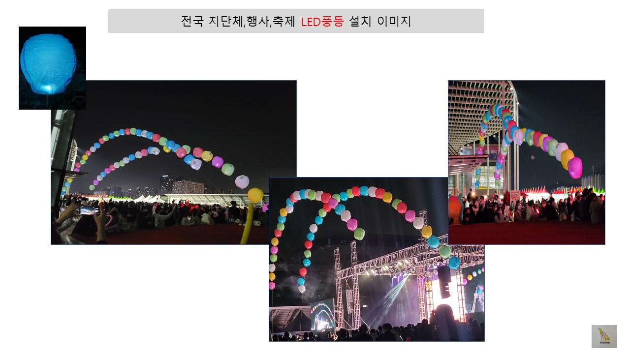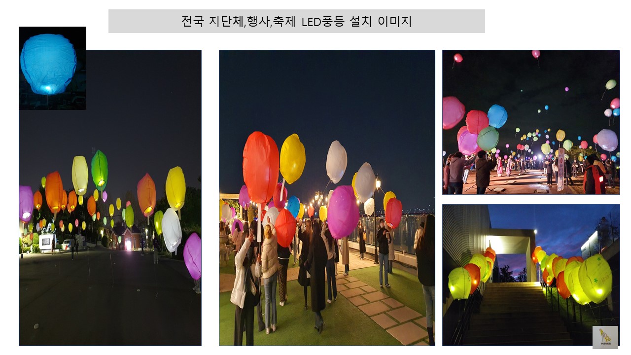 3. LED풍등: 국산 제품 . 화재 위험 없고 , 폭발 위험 없는 LED개 부착 제품, 헬륨 가스 투입
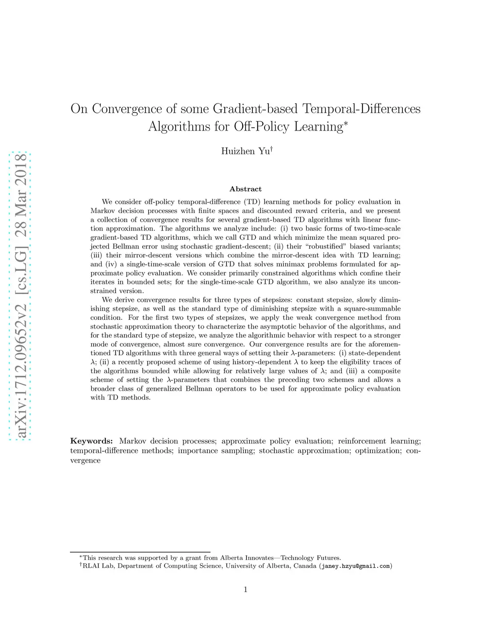 On Convergence of some Gradient-based Temporal-Differences Algorithms
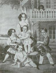 | Keywords: Maltsov by Hau.jpg  ru Дети Се гея Ивановича  альцова 1810-1898 от б ака с княж Анастасией  иколаевной У усовой 1820-1894 Капитолина 1839-после 1918 в пе вом б аке кн  еще ская;  а ия 1942-1904 в замуж кн У усова; Се гей 1845-1908 ; Иван 1846-1920 ;  иколай 1849-1938 скан из книги В И Гау Русский каме ный по т ет Фототипия с литог афии Ф Шевалье по о игиналу аква ели В И Гау 1851/1852 PD-old-100-1923 Family portraits by Vladimir Hau House of Maltsov House of Mescherskiy House of Urusov Portraits of siblings 19th-century oil portraits of children Females with dogs in art Dacha in art |
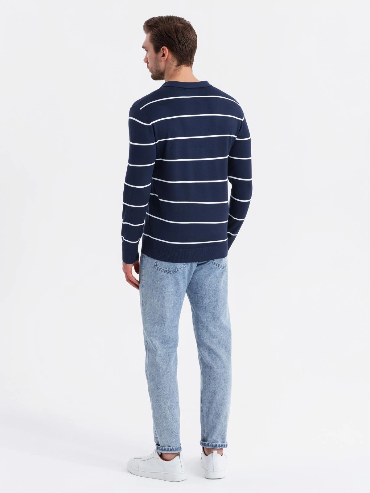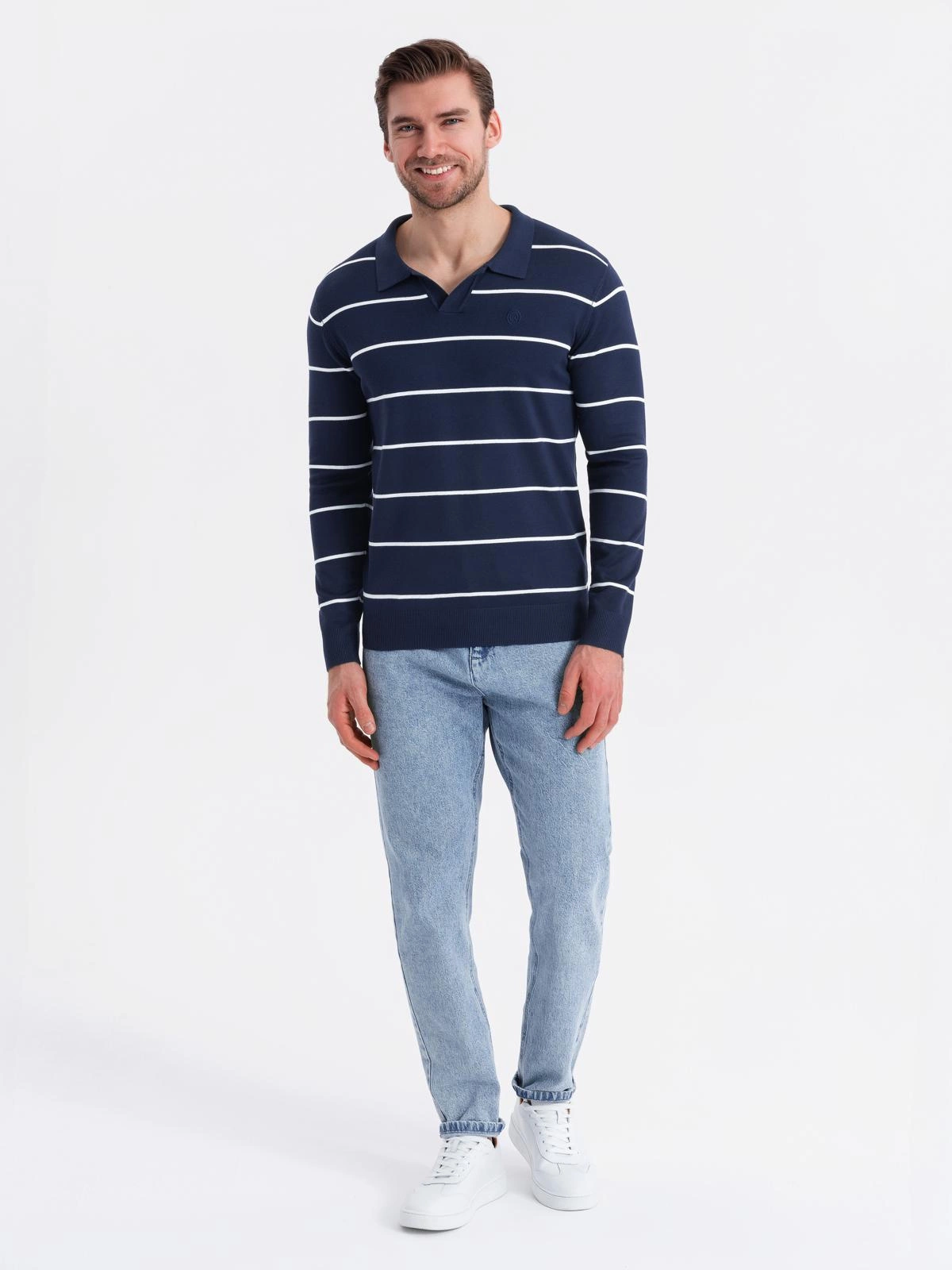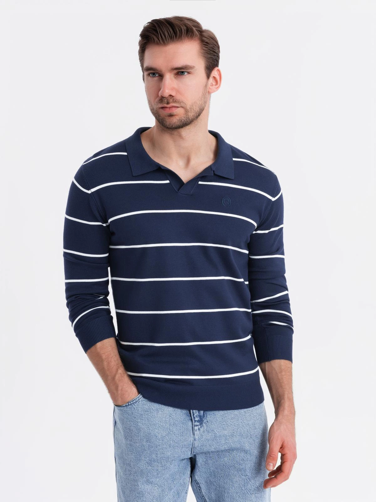 Striped longsleeve with polo collar is a good way to break the fashion routine in styling in smart casual aesthetics. Contrasting stripes will match sets with chinos or a blazer, giving the whole look a casual chic look. The fine viscose knit adds elegance and refinement to the shirt, while the embroidery on the chest emphasizes the stylish character of the longsleeve. This makes it an ideal choice for work or family gatherings.
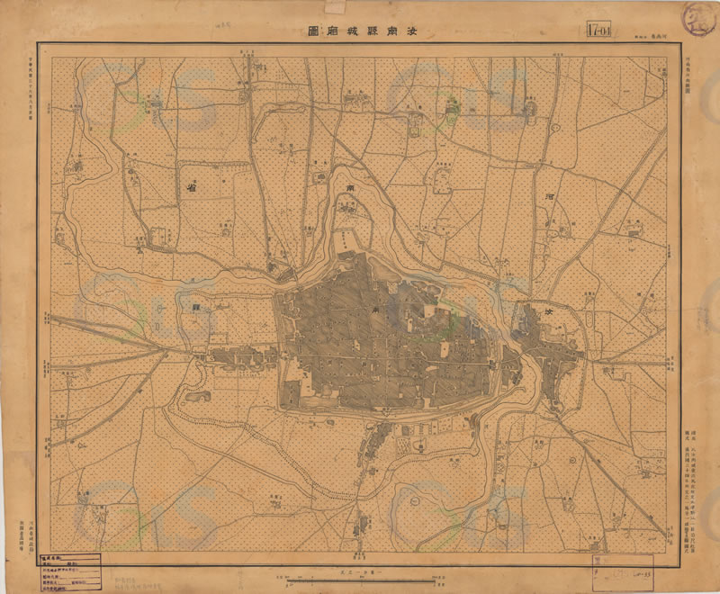 此《汝南县城厢图》为民国36年(1947年)8月发行的河南驻马店汝南县城详细地图,由当时的河南省&政&府地政局编绘的河南驻马店市汝南县城市街及周边区域地图。比例尺: 1/10000,原件尺寸: 58.4 * 48.1cm,现藏中研院。
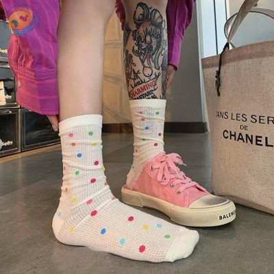 日系彩色波点透气小清新风薄款中筒袜堆堆袜
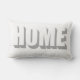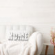 Personalizable y personalizado con el apellido de la familia, por ejemplo, en elegante caligrafía negra escrita a mano. Almohadón minimalista, moderno y de moda. Tipografía "HOGAR" en negrita con sombra gris, fácil de combinar en cualquier ambiente. Para el decorado de su hogar o como regalo creativo para recién casados o como regalo de inauguración, o regalo para nuevos propietarios. Colores neutros, gris y blanco apagado, el color natural de las almohadas de Zazzle. El texto sombreado tiene un efecto de relieve genial.
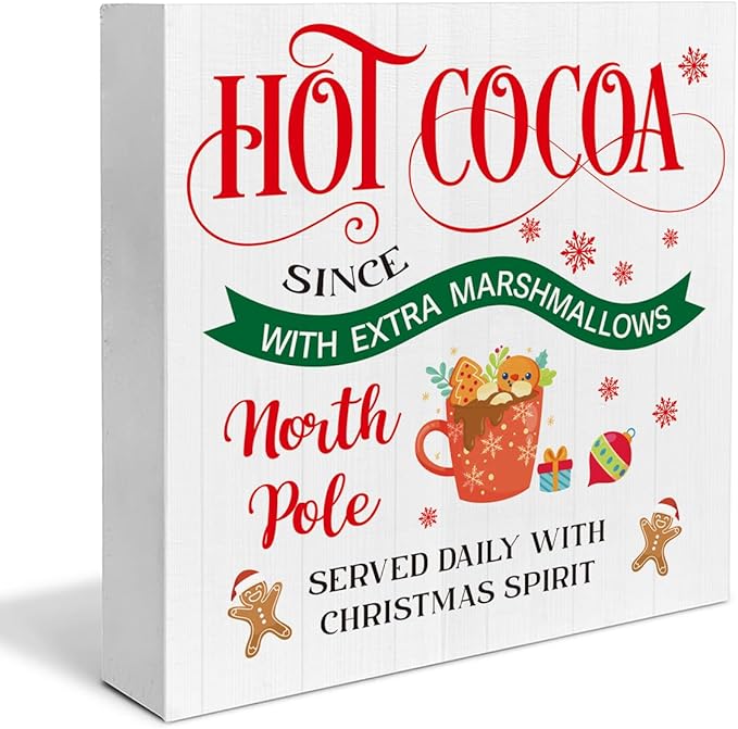 Christmas Decorations Indoor Home Decor, Hot Cocoa Wooden Sign, Gingerbread Wooden Block Sign, Christmas Decor for Table Shelf 5 x 5 Inch

→ **PROBLEM REQUIREMENTS**
Please output exactly the lines of the data above, from its first line through the line with "On Convergence of", and nothing else; drop the pictures.

→ **WRITTEN RESPONSE**
 3. LED풍등: 국산 제품 . 화재 위험 없고 , 폭발 위험 없는 LED개 부착 제품, 헬륨 가스 투입
 On Convergence of some Gradient-based Temporal-Differences Algorithms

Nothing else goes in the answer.